YOUR TASK: Starting at the line that contains "Бельгийский велогонщик команды" in the listing below, write out every line word for word until you have written the line that contains "温泉はPH9.8で特にメタケ".

INFORMATION:
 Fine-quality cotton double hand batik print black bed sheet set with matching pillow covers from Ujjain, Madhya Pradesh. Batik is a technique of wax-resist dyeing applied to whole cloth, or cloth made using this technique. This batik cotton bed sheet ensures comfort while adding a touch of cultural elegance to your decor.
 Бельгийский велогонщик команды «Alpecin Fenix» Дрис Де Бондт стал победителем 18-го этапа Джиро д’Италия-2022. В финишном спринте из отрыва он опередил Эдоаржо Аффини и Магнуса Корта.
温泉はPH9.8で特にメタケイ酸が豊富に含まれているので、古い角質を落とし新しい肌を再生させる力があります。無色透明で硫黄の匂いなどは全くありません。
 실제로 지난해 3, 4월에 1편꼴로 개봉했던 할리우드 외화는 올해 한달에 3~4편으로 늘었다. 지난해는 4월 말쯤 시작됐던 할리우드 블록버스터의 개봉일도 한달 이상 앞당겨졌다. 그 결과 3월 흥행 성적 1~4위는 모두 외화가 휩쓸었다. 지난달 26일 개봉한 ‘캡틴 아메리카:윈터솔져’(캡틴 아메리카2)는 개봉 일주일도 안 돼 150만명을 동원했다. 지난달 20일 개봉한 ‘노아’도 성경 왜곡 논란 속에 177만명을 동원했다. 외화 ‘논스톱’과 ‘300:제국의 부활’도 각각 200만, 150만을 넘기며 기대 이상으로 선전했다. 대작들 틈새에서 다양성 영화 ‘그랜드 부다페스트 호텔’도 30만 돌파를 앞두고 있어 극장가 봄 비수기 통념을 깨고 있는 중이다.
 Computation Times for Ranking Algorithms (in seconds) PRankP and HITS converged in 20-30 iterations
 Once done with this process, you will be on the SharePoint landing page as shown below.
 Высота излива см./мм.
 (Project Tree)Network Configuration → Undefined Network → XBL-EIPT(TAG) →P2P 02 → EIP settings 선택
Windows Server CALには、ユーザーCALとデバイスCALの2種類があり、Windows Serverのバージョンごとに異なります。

* * *

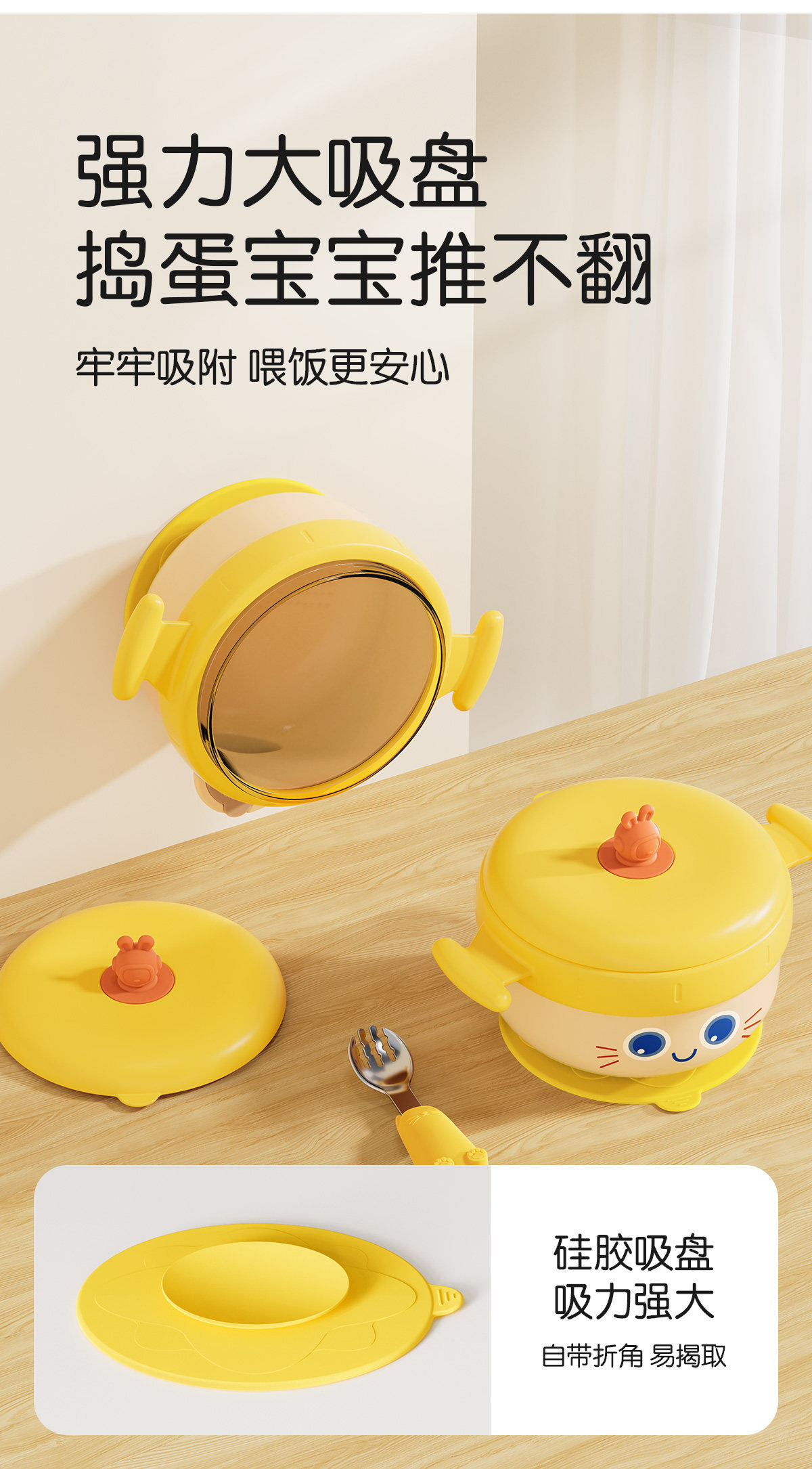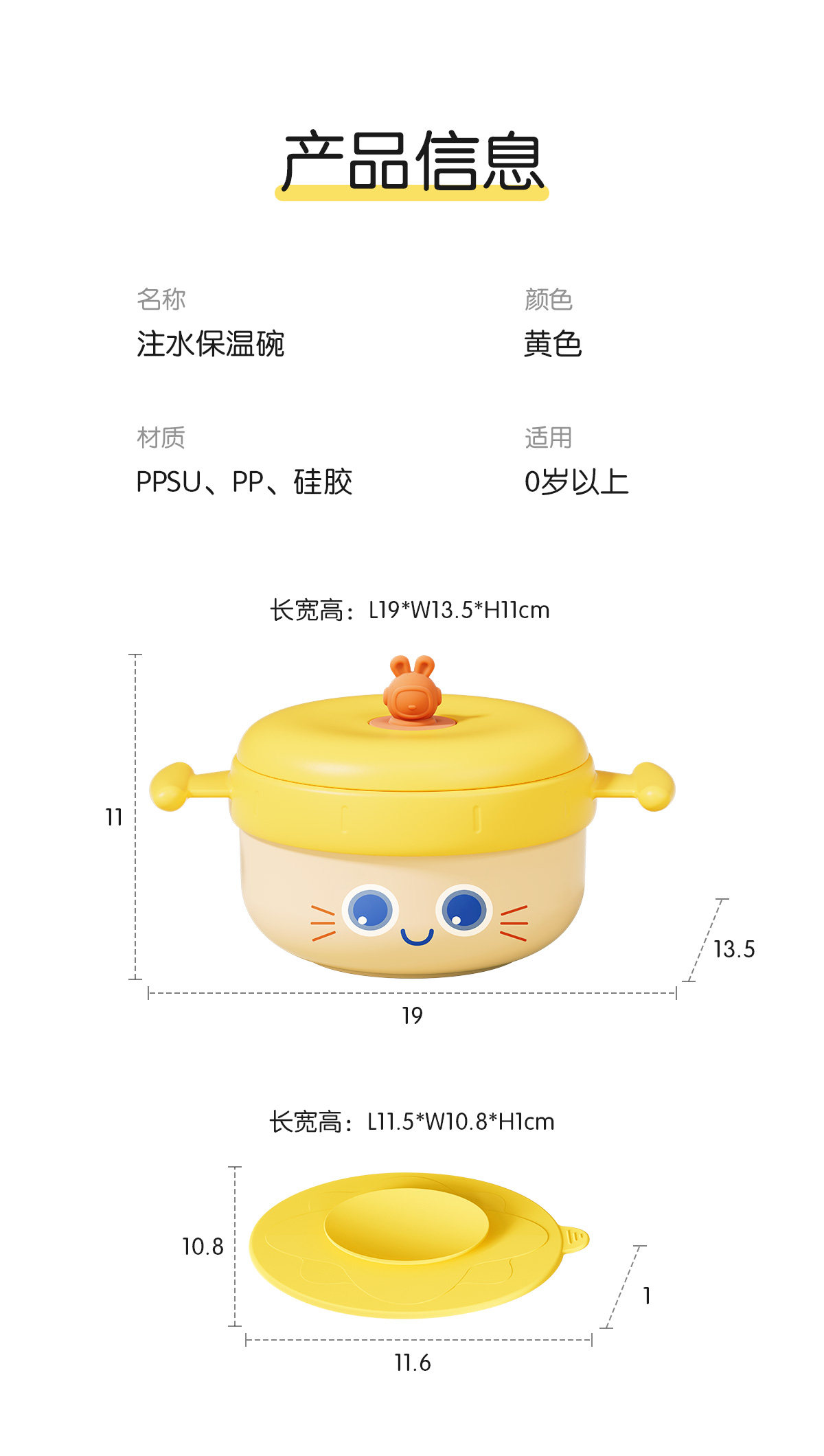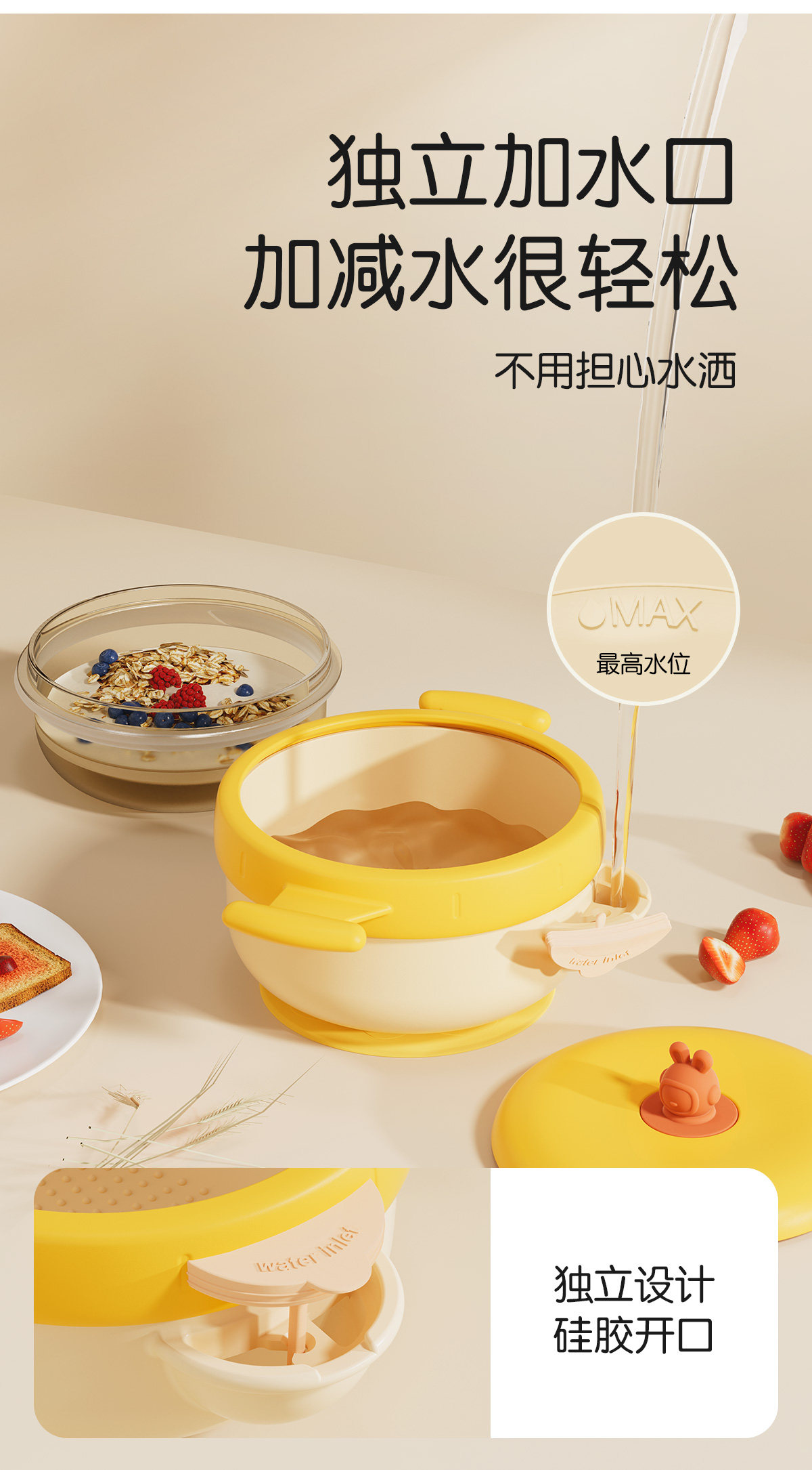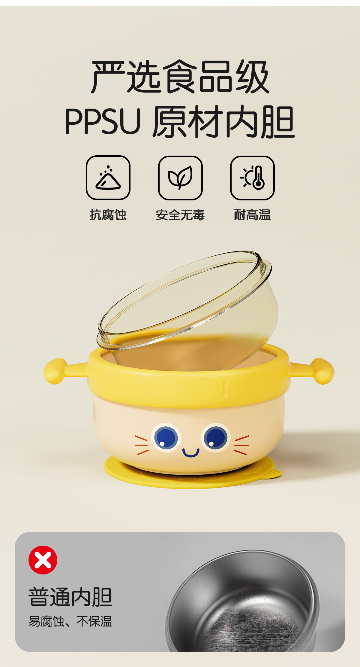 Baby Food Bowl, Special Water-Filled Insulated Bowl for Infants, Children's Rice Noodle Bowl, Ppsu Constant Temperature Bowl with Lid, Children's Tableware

WRITTEN RESPONSE:
 Бельгийский велогонщик команды «Alpecin Fenix» Дрис Де Бондт стал победителем 18-го этапа Джиро д’Италия-2022. В финишном спринте из отрыва он опередил Эдоаржо Аффини и Магнуса Корта.
温泉はPH9.8で特にメタケイ酸が豊富に含まれているので、古い角質を落とし新しい肌を再生させる力があります。無色透明で硫黄の匂いなどは全くありません。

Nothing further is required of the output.